Scientists and engineers seeking to power the alternative-energy future are scrambling to find new sources of lithium for rechargeable batteries.
The overall demand, a panel of researchers said today at the virtual meeting of the American Geophysical Union, is expected to double in the next five years, and increase tenfold by 2030.
Much will be driven by the increasing use of electric vehicles, says Michael Whittaker, a director of the Lithium Resource Research and Innovation Center at Lawrence Berkeley National Laboratory (LBNL) in California. “To power our electric trucks, we’re going to need as much lithium as we can get,” he says.
But there will also be increasing demand for batteries in homes, predicts Peter Fiske, another LBNL researcher. “We all live in California,” he says of himself and his fellow panellists. “All of us had the power to our houses shut off at least once this summer [when windy conditions and dry weather raised fears of downed power lines setting wildfires].
“We are now imagining that shutting off the power grid is going to be a fact of life in several Western states,” he says (something that could apply to other fire-prone regions in the world). “This will further add to the demand for lithium.”

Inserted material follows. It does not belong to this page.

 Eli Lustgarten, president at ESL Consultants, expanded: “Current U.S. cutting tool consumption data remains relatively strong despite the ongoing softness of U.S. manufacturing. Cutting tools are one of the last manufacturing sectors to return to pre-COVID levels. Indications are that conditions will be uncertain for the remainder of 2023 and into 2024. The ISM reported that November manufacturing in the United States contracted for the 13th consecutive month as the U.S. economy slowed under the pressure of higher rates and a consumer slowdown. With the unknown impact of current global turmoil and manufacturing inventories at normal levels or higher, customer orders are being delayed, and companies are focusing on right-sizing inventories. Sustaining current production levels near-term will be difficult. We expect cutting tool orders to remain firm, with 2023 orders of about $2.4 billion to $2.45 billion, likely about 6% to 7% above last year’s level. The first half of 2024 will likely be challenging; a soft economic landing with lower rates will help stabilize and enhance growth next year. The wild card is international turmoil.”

Currently, lithium comes largely from South America, where it is evaporated from brines in the Atacama Desert. And while there is enough of it to meet global demand for a while, Fiske says, “we don’t have an infinite amount of brine in the Atacama Desert.”
One solution, says Will Stringfellow, an environmental engineer at LBNL, is to extract lithium from fluids used in geothermal energy production.

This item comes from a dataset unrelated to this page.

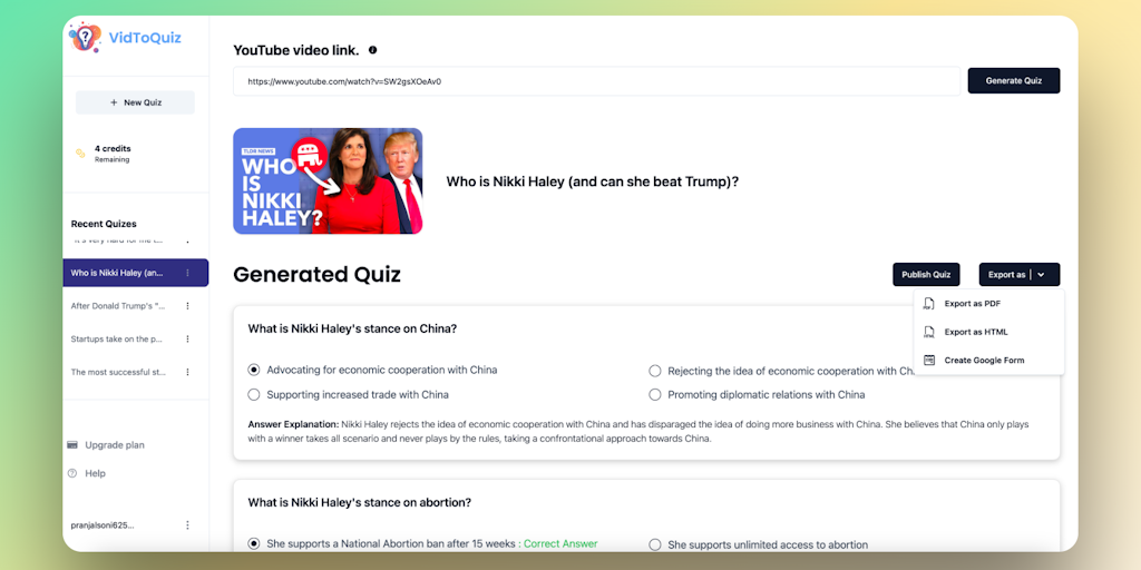 VidtoQuiz - Generate quizzes from videos and export as google form | Product Hunt

Because geothermal energy is expected to be part of the carbon-neutral future and is already generating fluids that need to be treated, extracting a valuable resource from them is a clear win-win.
The process, he adds, would be done by direct extraction via an ion exchange process, without the need for environmentally damaging evaporation ponds.
At the moment, he says, it faces technological issues, mostly related to the fact that geothermal fluids also contain, silica, magnesium, and calcium, all of which can interfere with standard extraction methods, as well as metals like zinc, manganese, iron and lead, some of which are valuable if they too can be separated.
But these problems aren’t insurmountable, and his team is eyeballing the Salton Sea area of southern California, which is already a geothermal power production centre.
The goal, they say, is to turn it into a “Lithium Valley” of power generation, lithium extraction, and battery manufacture, equivalent in some ways to California’s famed Silicon Valley as the center of the new industry.
Similar technologies could also be used to extract lithium from wastewater from desalination plants, says Fiske. Right now, he says, the concentrated brine from that water being discharged back into the ocean. If lithium can be extracted from that water, it’s another win-win.
And finally, says Whittaker, lithium is known to occur in clay sediments in arid parts of northern Nevada, northeastern California, Nevada, and eastern Oregon.
The lithium in these clays, he says, originated when long-ago volcanism spread massive sheets of lithium-rich lava throughout much of the area. This then eroded out of the rocks and collected in desert basins between the area’s numerous mountain ranges. “It is a massive untapped source of lithium,” he says.
Not that these resources are entirely confined to the US. “China has large supplies of lithium, and we hope that they use it for their industries as well,” Fiske says.